Cisco said it will close the Flip business, but will continue to support current Flipshare customers who upload and share media to the web. Cisco said it will also refocus its Home Networking business to make it more profitable and connected to the company’s networking infrastructure. It will also move Umi, its consumer Telepresence, into the business Telepresence line and sell it through an enterprise and service provider go-to-market model.

“We are making key, targeted moves as we align operations in support of our network-centric platform strategy,” CEO John Chambers said in a statement. “As we move forward, our consumer efforts will focus on how we help our enterprise and service provider customers optimize and expand their offerings for consumers, and help ensure the network’s ability to deliver on those offerings.”

The closure of the Flip unit comes a couple months after former Pure Digital CEO Jonathan Kaplan left Cisco, prompting questions about the direction of the Flip line of video cameras. Cisco bought Pure in March of 2009, saying the purchase was about extending its presence into the consumer electronics business. The company was also looking to use Pure’s smarts in simple consumer electronics design to rework its home networking business.

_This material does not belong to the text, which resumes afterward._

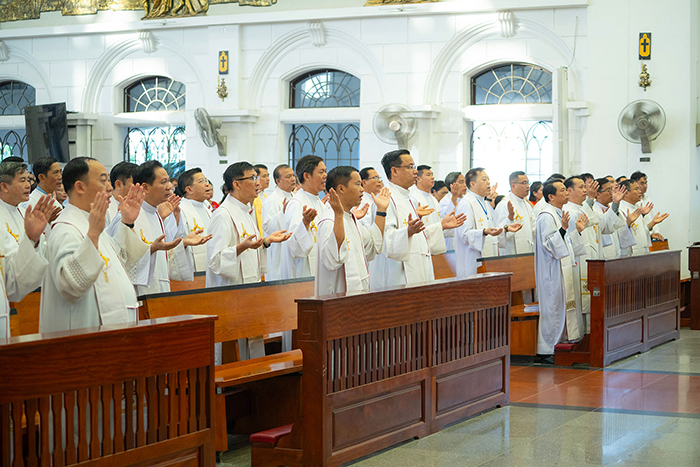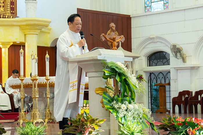 Kế đó, khởi đi từ bài Tin mừng, Đức cha nhấn mạnh ba yếu tố của Hội thánh: thánh thiện nhờ có Chúa Kitô hiện diện, yêu thương trong hiệp nhất được minh chứng qua phép lạ 153 con cá, và phục vụ trong sứ mạng “ngư phủ lưới người”. Từ đó, Đức cha chủ tịch gợi lên ba cách thế xây dựng Hội thánh: kiến tạo hiệp nhất giữa những khác biệt; cùng hiệp hành trong sứ vụ để thành công nhờ vâng lời Chúa; và xây dựng đời sống đức tin trên nền tảng Lời Chúa và việc Chúa làm. Đức cha khẳng định động lực tình yêu là yếu tố cốt lõi giúp Hội thánh đứng vững trước thử thách và mời gọi mọi người bước vào hành trình mới hướng tới một Hội thánh hiệp hành, phục vụ và yêu thương trong niềm hy vọng “trời mới đất mới”.

While the deal has helped Cisco create a new line of more consumer friendly home routers, it didn’t really change the company much, a task that Om mentioned recently is incredibly hard for large companies. And it hasn’t resulted in a big revenue driver in video cam sales.

That’s because while Flip grew fast with its single purpose design, which managed to move millions of units, its continued growth was checked by the rise of smartphones that can increasingly shoot HD video while offering more wireless sharing options, something Flip’s camera’s never included, an irony for a networking company. Another new consumer business, Umi, a home video conferencing product, has also failed to capture a lot of buzz, in part because of its high price. With Kaplan headed toward the door, we speculated that the deal for Pure had turned into a flop.

Now it appears that Cisco is making that conclusion official. CEO John Chambers earlier this month laid out a major reorganization for the company in a memo to employees outlining how the company would refocus on five areas: core routing, switching and services; collaboration; architectures; and video. While Chambers said Cisco would still focus on video, it appears he was not referring to Flip. This deals a major blow to the idea of a single-purpose simple video cam, which may still have a niche place in the market. But while Cisco jettisons Flip, and admits defeat, the move shows the company is clearly serious about retrenching and getting back to basics.”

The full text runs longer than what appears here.